To a friend I’m yet to meet

To: the friend I have not yet met,
From: Me, Tsholo L. Sehume

Dear Friend,

Have you ever felt haunted by the feeling that something vital is lacking, especially in matters of love?

What a greeting to a letter, huh! 🙂

Look, I don’t know what your name is, and I don’t know your story. What I feel I do know is a tiny bit of every man’s your heart – a bit that I suspect may have, at times, beat with the same restless question that echoed in mine over the years. It’s this feeling of something missing that’s similar to attempting a tough recipe; you follow what it says, but this persistent suspicion lingers that a vital ingredient has been left out. The dish tastes good, perhaps even excellent, but it’s incomplete. Something is missing…

Perhaps this has not been your experience, but it definitely has been mine. I find myself wanting to write that in the past tense – “it had been” – but this is a realisation I struggle with to this day. Growth, as they say, is not a destination but an ongoing unfolding. Anyway…

Getting back to this sense of something missing… For a time, I felt I had a good grip on love. I allowed myself to receive and I also invested in giving, caring for, and taking great care not to get in the way of another’s peace, often going the extra mile. But these are the fundamentals in love. Right? No gold star there.
I even did some reading on “love languages” so that I would be familiar with what’s on offer since it was the talk of the town. I worked hard to be well-versed, wanting to fill the “love tanks” of those in my life while keeping a watchful eye on the levels of my own.

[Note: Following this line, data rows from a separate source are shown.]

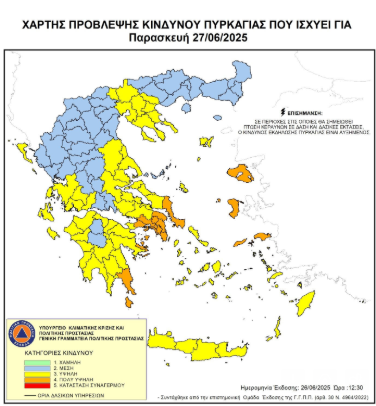 Σας ενημερώνουμε ότι εκδόθηκε από τη Γενική Γραμματεία Πολιτικής Προστασίας ο Ημερήσιος Χάρτης Πρόβλεψης Κινδύνου Πυρκαγιάς για την Παρασκευή 27 Ιουνίου 2025. Σύμφωνα με τον χάρτη, ο Δήμος μας κατατάσσεται στην Κατηγορία Κινδύνου 4, που αντιστοιχεί σε Πολύ Υψηλό Κίνδυνο εκδήλωσης πυρκαγιάς. Η Πολιτική Προστασία καλεί τους πολίτες να είναι ιδιαίτερα προσεκτικοί και να αποφεύγουν ενέργειες που μπορούν να προκαλέσουν πυρκαγιά από αμέλεια, όπως: Η καύση ξερών χόρτων και υπολειμμάτων καλλιεργειών, Η χρήση μηχανημάτων που προκαλούν σπινθήρες (τροχοί, ηλεκτροκολλήσεις), Το κάπνισμα μελισσών, Το πέταγμα αναμμένων τσιγάρων, Η χρήση υπαίθριων ψησταριών.…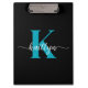 This simple, elegant black 12.5 x 9 clipboard with your first name in a trendy script font in white and your first initial in a modern cap font in teal is perfect for you. It's stylish and trendy and yet very classic. It will come in handy in so many situations. Perfect for work, home, school.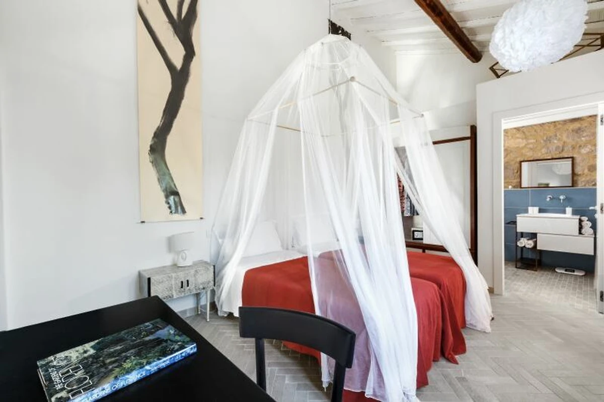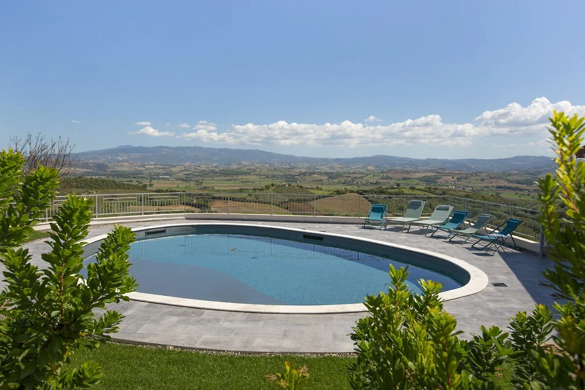 Het privézwembad van 5x8m met ontspanningsruimte bevindt zich op een prachtig panoramaterras met fantastisch uitzicht op de prachtige Toscaanse omgeving. Het zwembad is het hele jaar geopend en wordt in mei en september verwarmd.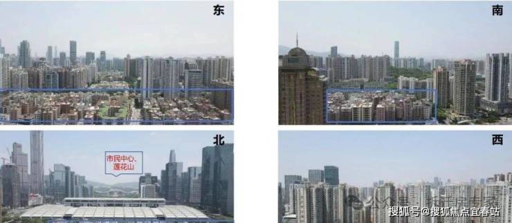 景观分析:航拍景观(100m),东南西面都是待拆民房,北面远CBD及莲花山,南面高区可看皇岗公园和部分深圳湾海景。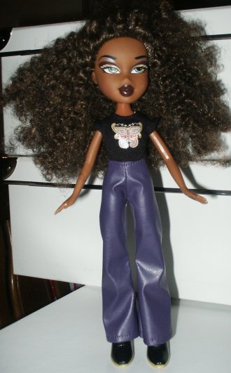 Lila skinnbyxa till bratz. Fästes med kardborrband bak.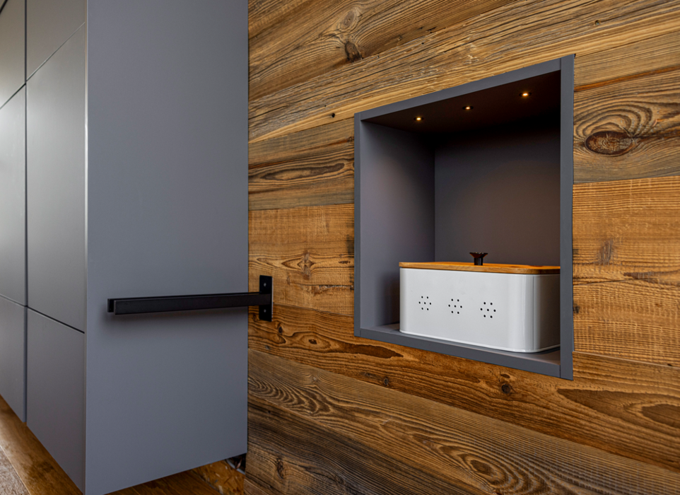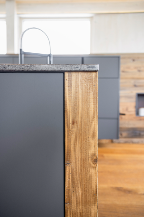 Bereits der Zugang zum Loft ist ein Erlebnis, denn er erfolgt nicht konventionell über eine Treppe, sondern über einen Lift, der mit Dekoren von Cleaf sowie mit Sperrplatten verkleidet wurde. Ansprechende Oberflächen von Cleaf finden sich auch als Wandverkleidung und Schiebtürschrank im Kleiderraum. Oben angekommen wartet mit der Küche schon das nächste Highlight des Raumes. Materialien aus Holz – wie Wandverkleidung aus sonnenverbranntem Altholz oder Massivholzplatten aus Fichte – werden ergänzt um Fronten und Rahmen aus Dekorspanplatten Optimatt in graphitgrau von Kaindl. Eine Kompakt Arbeitsplatte in Betongrau von EGGER und eine Arbeitsplatte in Granitstein komplettieren die Küche.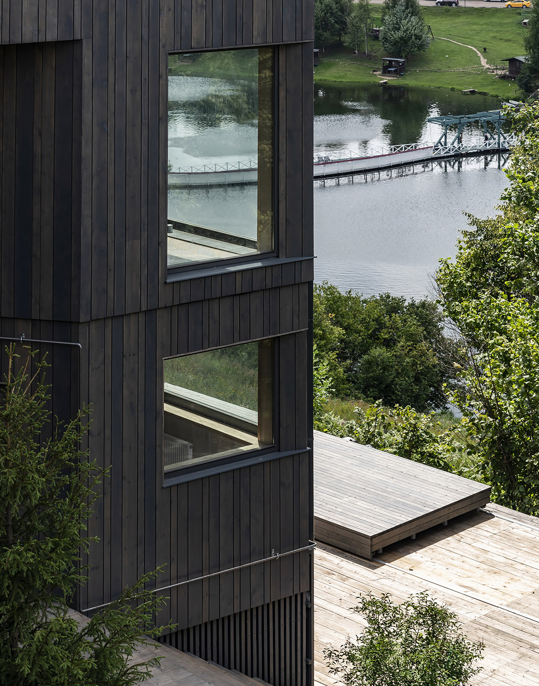 Здание представляет собой современную интерпретацию множества архитектурных приемов. Система внутренних и внешних пространств, созданная благодаря сквозному пассажу, лестницам и террасе, напоминает слегка традиционные японские дома. Деревянная отделка фасадов сосновыми досками разной ширины и маскировка свайного фундамента тонкими рейками отсылает к народной архитектуре, а скрытый фундамент подчеркивает легкость и воздушность конструкции.

I am not going to lie, that model was unquestionably useful; it gave me a language for the hard talks of how I receive and give love. But if I am being totally truthful with you, from the very first moment I came across it and even after utilising it, it ultimately made me feel less like a lover and more like a bookkeeper. Something deep-seated in me began to reject it, by and large. I became uncomfortably aware that, despite my best intentions, there was a scoreboard being used to record my efforts as much as I was keeping a subconscious scoreboard – a record of debits and credits, of services performed and affirmations due. It was a closed system, and it was exhausting. It is exhausting. For me, the love languages approach feels like operating from a place of scarcity where two half-empty cups are desperately trying to fill each other – a noble, yet ultimately impossible, endeavour.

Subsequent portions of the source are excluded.